Is Your Car Tracking You? Car Technology and Privacy

The next time you get into your car, it may be listening to you – where you drive, how fast you drive, even what music you’re listening to.  And you might not able to control who it tells.

In January, Sens. Amy Klobuchar (D-MN) and John Hoeven (R-ND) sponsored the Driver Privacy Act, which aims to place control of cars’ “black-boxes” in the hands of the owners of the cars – not the government.

How Does Your Car Track You?

Your car’s black box – or “event data recorder” – keeps track of what happens in a collision.  That is, it only begins recording when it thinks you’re in trouble – usually due to the sudden jolt associated with a collision.  It doesn’t know if you were drinking, or using your cell phone, or breaking any other laws.  It doesn’t know where you were, or where you were going.  While EDR data is useful in reconstructing what happened in an accident (and so is of interest to insurance companies and law enforcement), it is not useful for conclusively proving fault in litigation. Currently, several states have laws placing control of the EDR data in the hands of the owner of the car; there is no federal statute, however, which is a gap the Driver Privacy Act seeks to fill, ensuring that you are the owner of your EDR regardless of what state you happen to be driving in.

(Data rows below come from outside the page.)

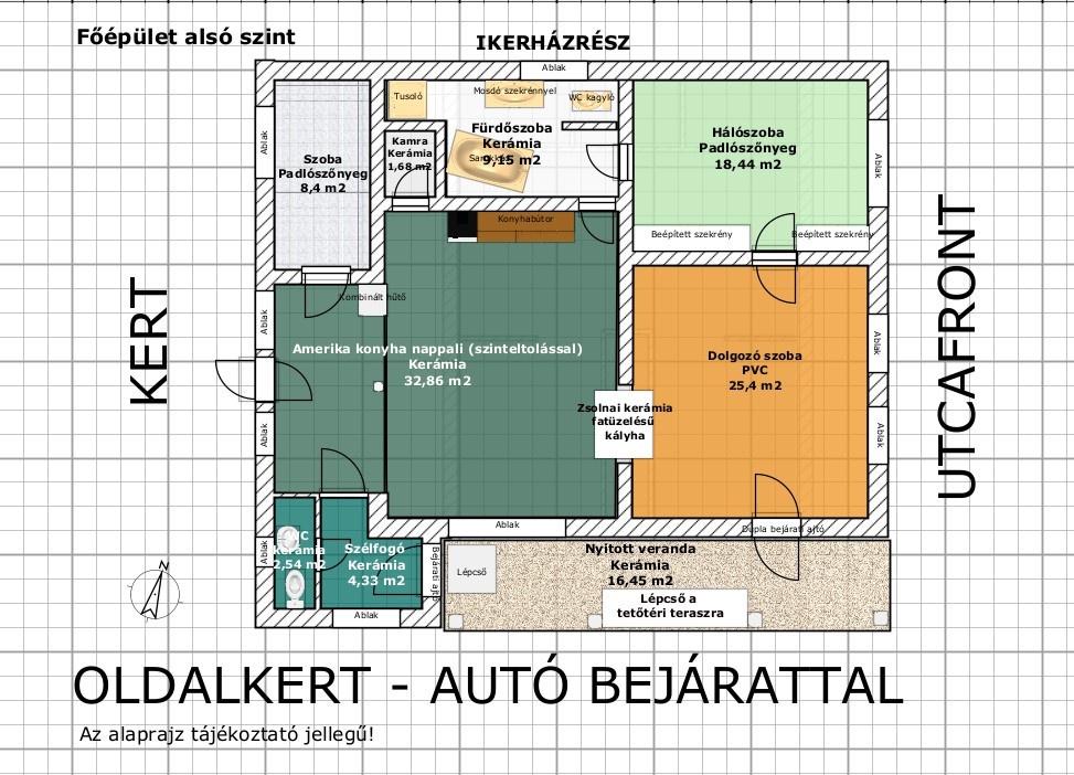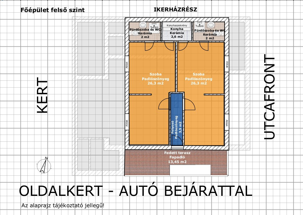 Orosháza belvárosában, 496 m2-es, közművesített, bekerített területen elhelyezkedő tetőtér beépítéses ikerház. Földszinten 125 m2 alapterületű, N + 2 ,5 szobás, összkomfortos lakás, központi fűtéssel, valamint beépített vízteres csempekályha. A tetőtérben 80 m2 alapterületű,2 szobás, összkomfortos külön-bejáratú lakás (apartman). Az épület tégla falazatú, szigeteléssel,valamint 10 KW-os napelemmel ellátott. Gazdasági épület és a garázs alapterülete 70 m2, tetőtérbeépítés 55 m2. Az épület alatt 8 m2-es pice található. Mindkét épület külön gázmérővel rendelkezik.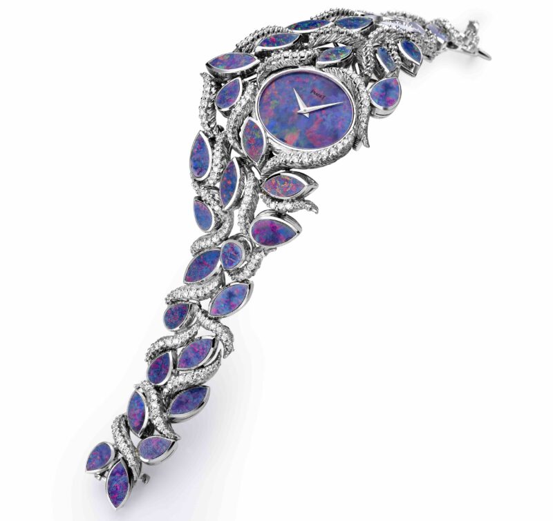 Piaget High jewelry watch. White gold. 275 brilliant-cut diamonds (4.69ct). Opal dial and plates 1972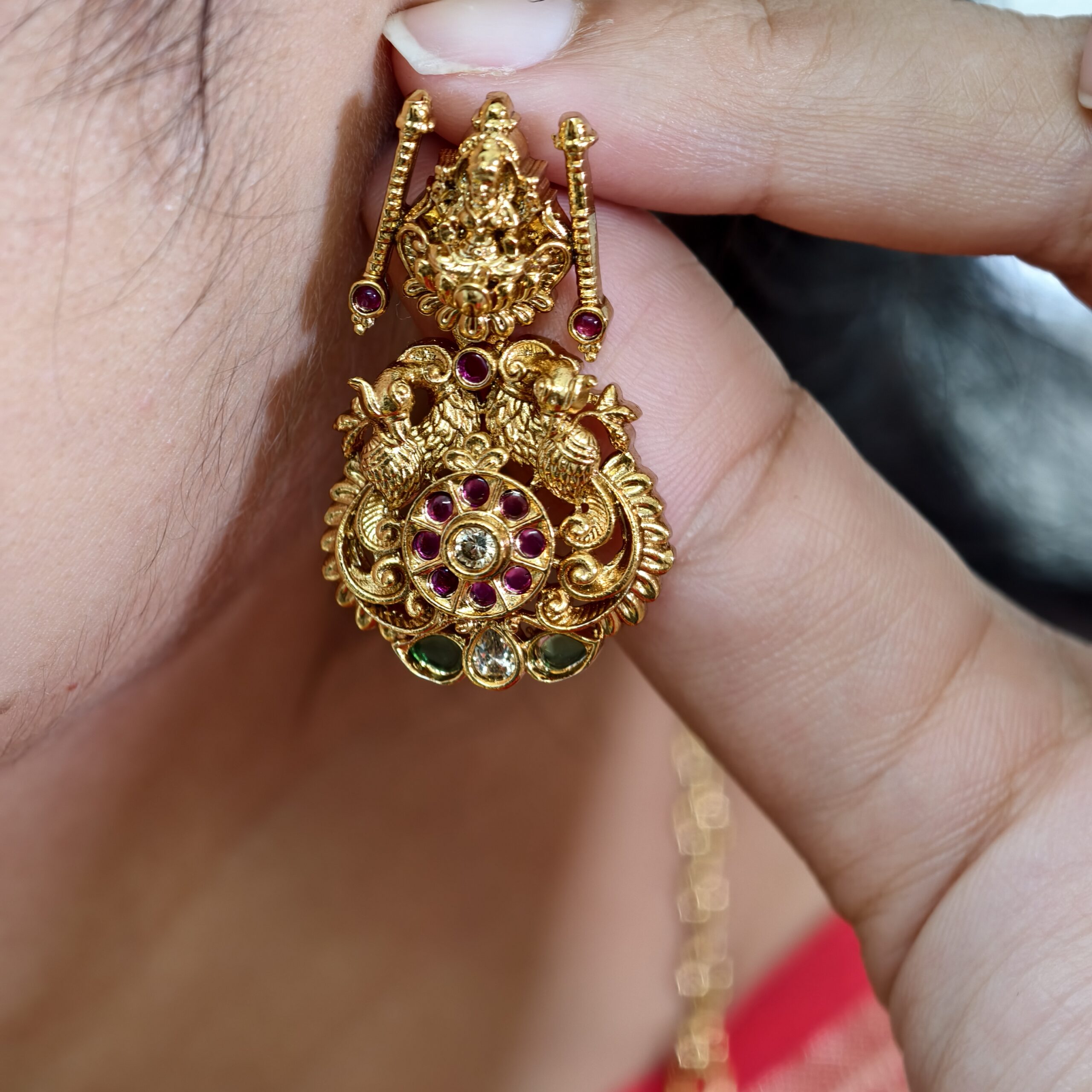 fj2430 real gold look bottumala with backchain and screwback earrings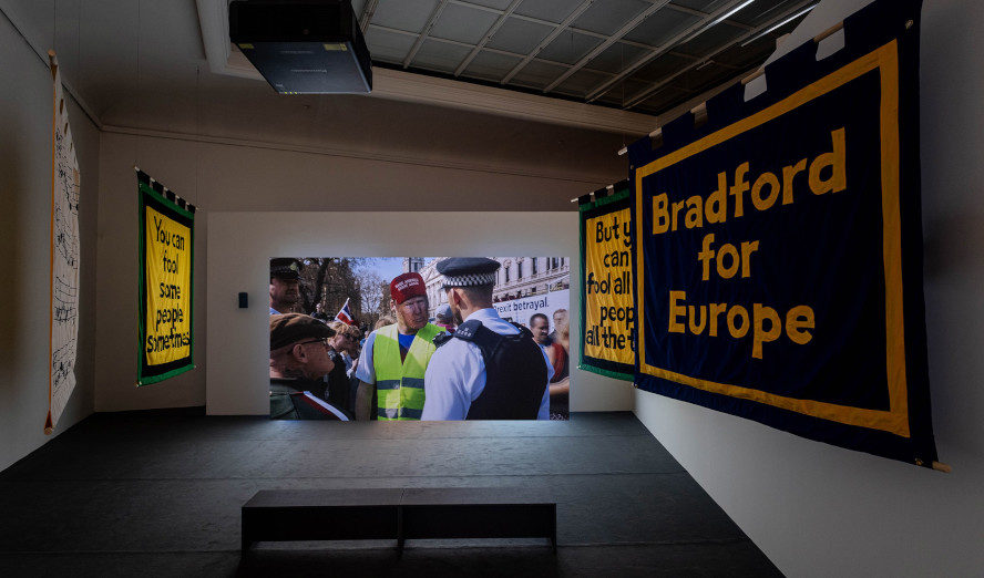 Wer einmal, um sich einen Überblick zu verschaffen, die Hürde des über 300 Seiten starken Programmhefts genommen hat, dem eröffnet sich beim Steirischen Herbst 2019 ein vielschichtiges und hochpolitisches Programm mit Schwerpunkt auf performativen Arbeiten und Videoinstallationen. Erfrischend wirkt dabei die Ausgewogenheit aus lokalen und internationalen Beiträgen, die gemeinsam einen europäischen Kulturraum umreißen, der vom Atlantik bis zum Schwarzen Meer reicht. Mit seiner Videoinstallation »Putin’s Happy« (2019) stemmt sich Jeremy Deller im Künstlerhaus gegen Bestrebungen, die westlichen Ausläufer dieses Raumes abzutrennen. Dafür sprach er mit Befürworter*innen und Gegner*innen des Brexit, setzt deren Argumente und Ansichten in Beziehung zueinander und kommentiert diese mit großformatigen Stickarbeiten, welche Ästhetik und Slogans der Transparente der Gegner*innen aufgreifen.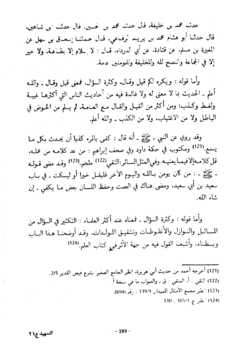 حَدَّثَنَا مُحَمَّدُ بْنُ خَلِيفَةَ قَالَ حَدَّثَنَا مُحَمَّدُ بْنُ الْحُسَيْنِ قَالَ حَدَّثَنَا ابْنُ شَاهِينَ قَالَ حَدَّثَنَا أَبُو هِشَامٍ مُحَمَّدُ بْنُ يَزِيدَ الرِّفَاعِيُّ قَالَ حَدَّثَنَا إِسْحَاقُ بْنُ سَهْلٍ عَنِ الْمُغِيرَةِ بْنِ مُسْلِمٍ عَنْ قَتَادَةَ عَنْ أَبِي الدَّرْدَاءِ قَالَ لَا إِسْلَامَ إِلَّا بِطَاعَةٍ وَلَا خَيْرَ إِلَّا فِي الْجَمَاعَةِ وَالنُّصْحِ لِلَّهِ وَلِلْخَلِيفَةِ وَلِلْمُؤْمِنِينَ عَامَّةً وَأَمَّا قَوْلُهُ وَيَكْرَهُ لَكُمْ قِيلَ وَقَالَ وَكَثْرَةَ السُّؤَالِ فَمَعْنَى قِيلَ وَقَالَ وَاللَّهُ اعلم الحديث بما لا معنى لا وَلَا فَائِدَةَ فِيهِ مِنْ أَحَادِيثِ النَّاسِ الَّتِي أَكْثَرُهَا غِيبَةٌ وَلَغَطٌ وَكَذِبٌ وَمَنْ أَكْثَرَ مِنَ الْقِيلِ وَالْقَالِ مَعَ الْعَامَّةِ لَمْ يَسْلَمْ مِنَ الْخَوْضِ فِي الْبَاطِلِ وَلَا مِنَ الِاغْتِيَابِ وَلَا مِنَ الْكَذِبِ وَاللَّهُ أَعْلَمُ وَقَدْ رُوِيَ عَنِ النَّبِيِّ صَلَّى اللَّهُ عَلَيْهِ وَسَلَّمَ أَنَّهُ قَالَ كَفَى بِالْمَرْءِ كَذِبًا أَنْ يُحَدِّثَ بِكُلِّ مَا يَسْمَعُ وَمَكْتُوبٌ فِي حِكْمَةِ دَاوُدَ وَفِي صُحُفِ إِبْرَاهِيمَ مَنْ عَدَّ كَلَامَهُ مِنْ عَمَلِهِ قَلَّ كَلَامُهُ إِلَّا فِيمَا يَعْنِيهِ وَفِي الْمَثَلِ السَّائِرِ التَّقِيُّ مُلْجَمٌ وَقَدْ مَضَى قَوْلُهُ صَلَّى اللَّهُ عَلَيْهِ وَسَلَّمَ مَنْ كَانَ يُؤْمِنُ بِاللَّهِ وَالْيَوْمِ الْآخِرِ فَلْيَقُلْ خَيْرًا أَوْ لِيَسْكُتْ فِي بَابِ سَعِيدِ بْنِ أَبِي سَعِيدٍ وَمَضَى هُنَاكَ فِي الصَّمْتِ وَحِفْظِ اللِّسَانِ بَعْضُ مَا يَكْفِي إِنْ شَاءَ اللَّهُ وَأَمَّا قَوْلُهُ وَكَثْرَةَ السُّؤَالِ فَمَعْنَاهُ عِنْدَ أَكْثَرِ الْعُلَمَاءِ التَّكْثِيرُ فِي السُّؤَالِ مِنَ الْمَسَائِلِ وَالنَّوَازِلِ وَالْأُغْلُوطَاتِ وَتَشْقِيقِ الْمُوَلَّدَاتِ وَقَدْ أَوْضَحْنَا هَذَا الْبَابَ وَبَسَطْنَاهُ وَأَشْبَعْنَا الْقَوْلَ فِيهِ مِنْ جِهَةِ الْأَثَرِ فِي كِتَابِ الْعِلْمِ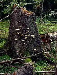 تتكون التضاريس المميزة لكثير من الغابات البدائية من حفر وتلال. وتنتج التلال عن تدهور الأشجار المتساقطة، والحفر ( رميات الأشجار ) الناتجة عن الجذور التي انسحبت من الأرض عندما تسقط الأشجار بسبب ظروف طبيعية ومناخية، بما في ذلك دفعها للحيوانات إلى الخروج من موائلها.غالبا ما تكوّن الرطوبة والأوراق المتساقطة، طبقة قادرة على رعاية أنواع معينة من الكائنات الحية. وتوفر التلال مكانًا خالٍ من غمر الأوراق وتشبعها، حيث تزدهر أنواع الكائنات الأخرى.

What the Driver Privacy Act does not address is the data collected by hardware (like cell phones) or software (like the Android operating system that will be standard in some GMC, Audi, Hyundai, and Honda models in the next model year).  Cell phones and on-board GPS systems can monitor your speed, location, and frequently visited locations.   Did you Google the nearest Starbucks? It’ll tell you when you’re close, even if you didn’t ask it to.

What Do the Courts Say?

The good news is that privacy experts are keeping an eye on your rights.  The bad news is that the courts aren’t entirely sure what those rights are.  In the early 1980s, the Supreme Court heard a pair of cases dealing with GPS tracking devices placed in containers and sold to suspects, who then drove to locations where they were making drugs.  (United States v. Knotts, 460 US 276 (1983), and United States v. Karo, 468 US 705 (1984).)  The Court held that although the defendant did not consent to the tracker being placed in the vehicle, all that the tracker did was alert nearby officers to the whereabouts of the cars as they drove along public streets.  Because the vehicles were in the public view, the actions of law enforcement (in these cases, just monitoring something they could see anyway) did not constitute a “search” under the Fourth Amendment.

Conversely, in 2012 the Court held in United States v. Jones, 132 S. Ct. 949 (2012) that affixing a tracker to a suspect’s car is a “search” for Fourth Amendment purposes.  The difference, says the Court, was knowledge: in Karo and Knotts, the defendant knew he was purchasing the container (although he did not know it had the tracker in it). In Jones, the defendant was not able to consent to the placement of the tracker on his car; a 5-4 majority determined this was a trespass onto his personal property and therefore an illegal search.

What This Means

How does this apply to you? The Supreme Court is notoriously (and intentionally) narrow in their Fourth Amendment opinions, especially when technology is involved.  The rulings in Karo, Knotts, and Jones are applicable to that specific situation only, so unless you find yourself buying ether to make cocaine, you’re probably in uncharted territory.  You can conclude, however, that your expectation of privacy diminishes the more control you have over the presence of technology in your car. For example, I own a smart phone that knows where I live and work – because I told it.  This is useful because it alerts me if there’s traffic on my commute; it is worrisome because it means that Google knows where I work.  If I start seeing ads in Chrome (which syncs to my phone) for restaurants near my office around lunchtime, I know why – and I can’t get mad at having my “privacy invaded.”  I told Google where I am during the day.  The fact that they’re capitalizing on this is not their fault; it’s shrewd marketing.

What if your behavior isn’t exactly legal?

The entire situation gets a bit stickier if I’m engaged in illegal activities.  If the same software that powers my phone is integrated into my car, my car now also knows where I go. Because I know that technology is in my car, I don’t have an expectation of privacy in the information the technology gathers.  With a lower expectation of privacy comes a broader definition of “legal search,” and any law enforcement that has probable cause to suspect I’m dealing drugs now has the legal authority to access my GPS data. Like the defendants in Karo and Knotts, I consented to having the software (tracker) in my vehicle, and because of that consent, I have waived most Fourth Amendment argument.  From there, any search is more likely legal (assuming no other police misconduct) and my data is now public record.

The Driver Privacy Act doesn’t address any of these issues (and likely won’t, while the relationship between technology in the law is still so murky), but it’s a start.  And what can you do? You can choose to drive a car from before the turn of the century, turn off your phone’s GPS feature, and not avail yourself of any of the technology available to you.  Or come to grips with the fact that these devices are, in some way, tracking you.